Segment Start: Data supplied

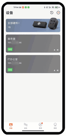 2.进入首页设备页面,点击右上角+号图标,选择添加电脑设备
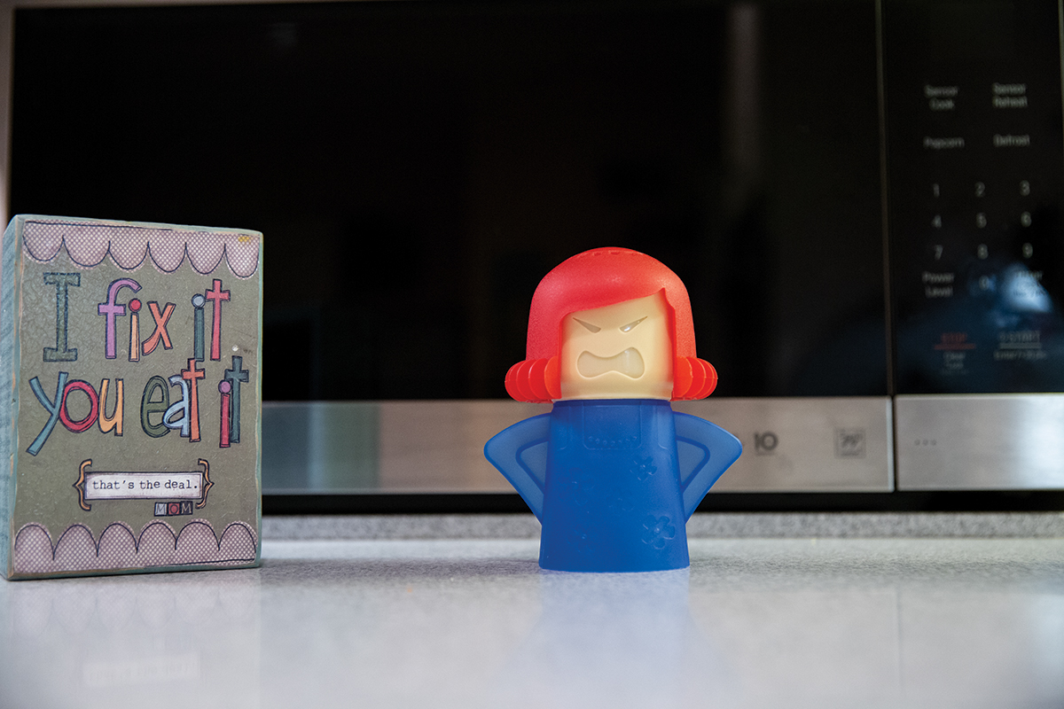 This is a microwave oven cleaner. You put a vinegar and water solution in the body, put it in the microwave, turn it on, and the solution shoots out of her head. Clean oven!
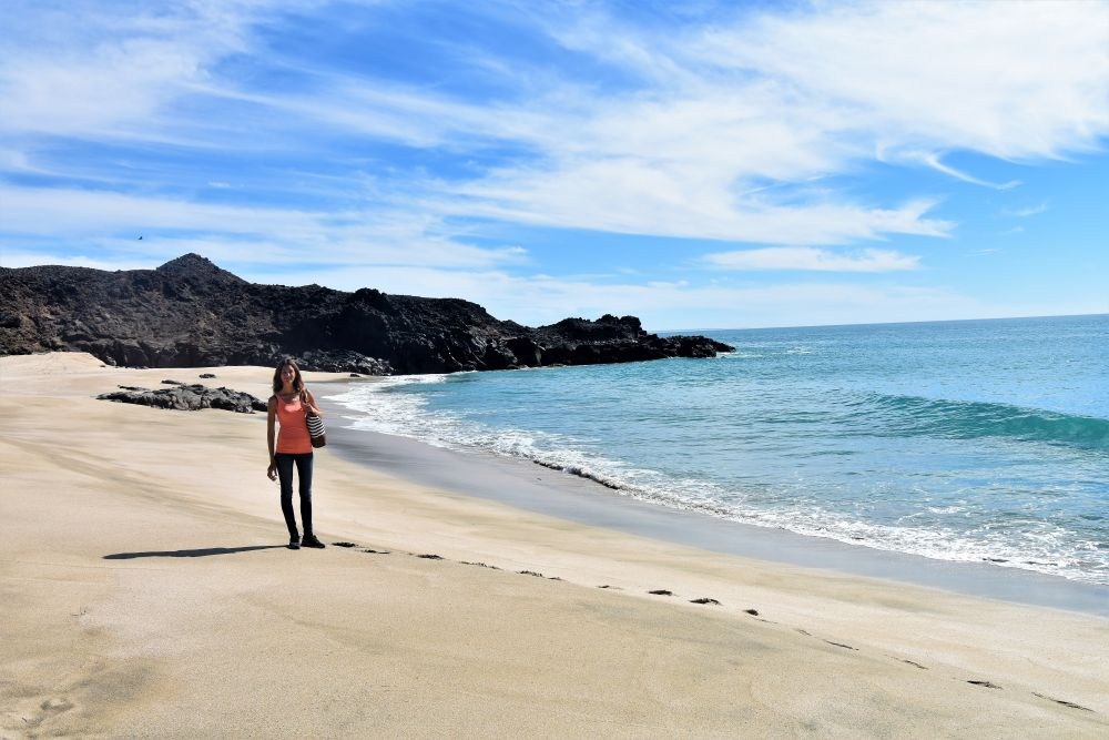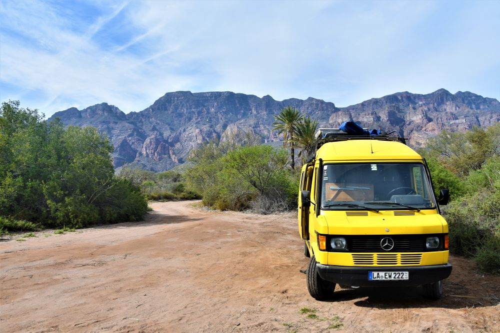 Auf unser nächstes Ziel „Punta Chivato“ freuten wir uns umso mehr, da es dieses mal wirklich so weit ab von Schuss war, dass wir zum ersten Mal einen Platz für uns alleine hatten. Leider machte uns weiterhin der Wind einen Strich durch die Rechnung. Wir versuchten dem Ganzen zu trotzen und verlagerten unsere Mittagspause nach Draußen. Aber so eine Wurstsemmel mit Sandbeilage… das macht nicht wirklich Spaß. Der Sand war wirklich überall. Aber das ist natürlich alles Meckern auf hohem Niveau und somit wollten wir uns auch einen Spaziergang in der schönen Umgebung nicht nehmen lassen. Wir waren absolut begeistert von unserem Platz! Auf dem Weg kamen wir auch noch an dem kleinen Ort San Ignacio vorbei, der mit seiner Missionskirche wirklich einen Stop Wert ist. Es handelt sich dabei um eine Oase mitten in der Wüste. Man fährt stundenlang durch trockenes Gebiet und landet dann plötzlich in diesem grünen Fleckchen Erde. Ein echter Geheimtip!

Segment End: Data supplied
Segment Start: Data supplied

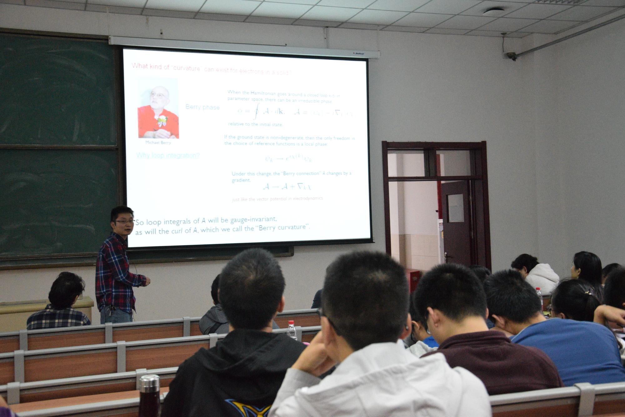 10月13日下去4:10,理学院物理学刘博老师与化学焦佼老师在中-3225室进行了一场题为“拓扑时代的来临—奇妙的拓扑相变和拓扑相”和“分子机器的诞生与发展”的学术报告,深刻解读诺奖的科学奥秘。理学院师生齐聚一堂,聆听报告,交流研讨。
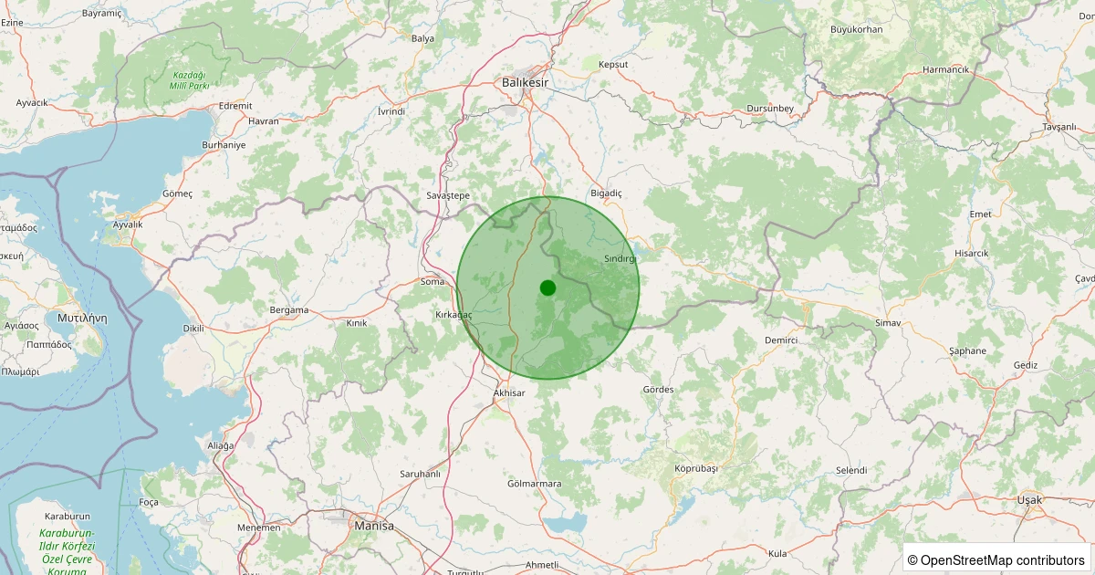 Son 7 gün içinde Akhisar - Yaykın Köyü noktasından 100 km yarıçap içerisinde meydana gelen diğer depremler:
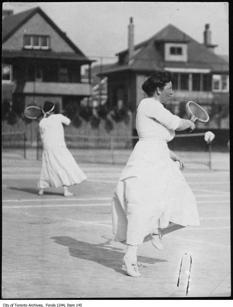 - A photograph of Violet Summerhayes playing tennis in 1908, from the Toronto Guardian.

Segment End: Data supplied
Segment Start: Data supplied

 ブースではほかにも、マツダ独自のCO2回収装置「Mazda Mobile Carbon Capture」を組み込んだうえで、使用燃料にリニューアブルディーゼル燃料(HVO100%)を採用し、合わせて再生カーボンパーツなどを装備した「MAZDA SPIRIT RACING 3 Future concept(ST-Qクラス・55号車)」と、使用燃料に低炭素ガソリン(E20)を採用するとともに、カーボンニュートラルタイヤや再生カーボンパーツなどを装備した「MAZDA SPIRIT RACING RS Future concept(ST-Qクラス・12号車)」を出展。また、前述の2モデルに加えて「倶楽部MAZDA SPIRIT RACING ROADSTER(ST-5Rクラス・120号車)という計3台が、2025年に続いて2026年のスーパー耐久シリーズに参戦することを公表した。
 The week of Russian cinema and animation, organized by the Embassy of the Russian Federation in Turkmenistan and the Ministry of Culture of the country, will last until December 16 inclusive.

Segment End: Data supplied

All pictures are to be skipped. Output, word for word, the lines in the data above starting at the line containing "Son 7 gün içinde" and ending at the line containing "- A photograph".

 Son 7 gün içinde Akhisar - Yaykın Köyü noktasından 100 km yarıçap içerisinde meydana gelen diğer depremler:
 - A photograph of Violet Summerhayes playing tennis in 1908, from the Toronto Guardian.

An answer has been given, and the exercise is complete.